Saturday, August 13, 2011

Enough to make a tough nut cry...

I don't choose to live a difficult life, that would be stupid.

I don't choose to struggle with finances, worry about things I can't control, the abuses I see every day in ministry to the marginalized. I don't ever want to be a disappointment to my husband, step-kids, parents, family, friends, but I do fail sometimes.

Yet, when I am following the will of God and should I then suffer, that's something else entirely.

It felt like the gentle, convicting, energizing voice of the Holy Spirit speaking through a friend of mine when he said, "ever notice how He can find few who will go into the really hard places? Hard working conditions, hard marriages, hard churches?" Though we were talking generally, it hit me and rang true deep into my heart & mind.
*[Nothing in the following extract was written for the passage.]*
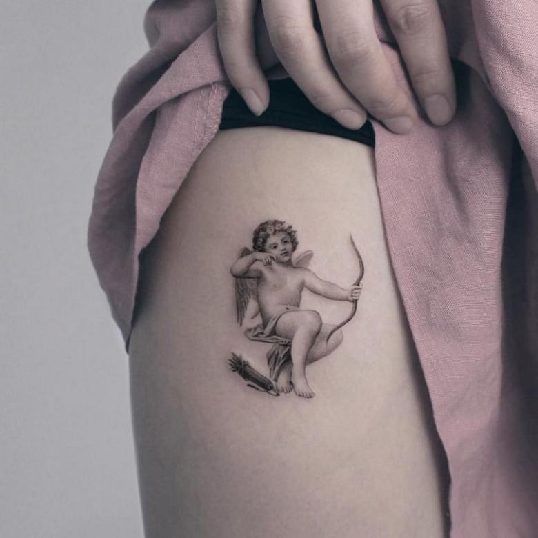 Les tatouages avec Cupidon sont très populaires auprès des filles, car il symbolise principalement la sensualité et l'amour.
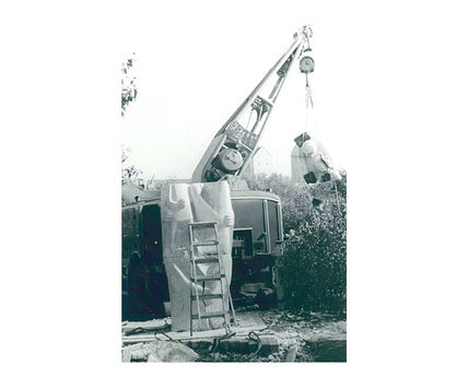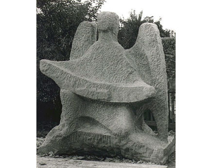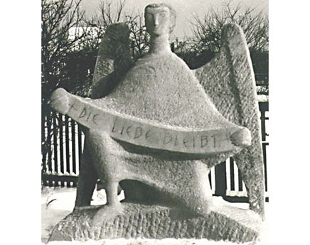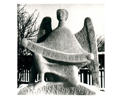 Entstehung eines großen Grabmals "Engel". Um 1958 am Alten Friedhof in Zirndorf bei Nürnberg.

At first it was affirming, urban ministry can be hard. Then it is convicting, marriage can be hard, staying close to my family that doesn't like me, disagreements of ideology, tasks, or even solutions with Christian co-workers. Finally, it evokes in me a deep desire to stay right where God wants me, hard or not, because Christ didn't count the cost it took to find me and save me from my sin and myself.

I tease with a girlfriend a few days later, "I'm a Christian because it's the only religion that would have me after the life I lived." We laughed a little, and inside my soul, I shared a smile with Jesus because the aches & pains turn sweet with time, because of the miles we've walked and the tears we've shared over the years.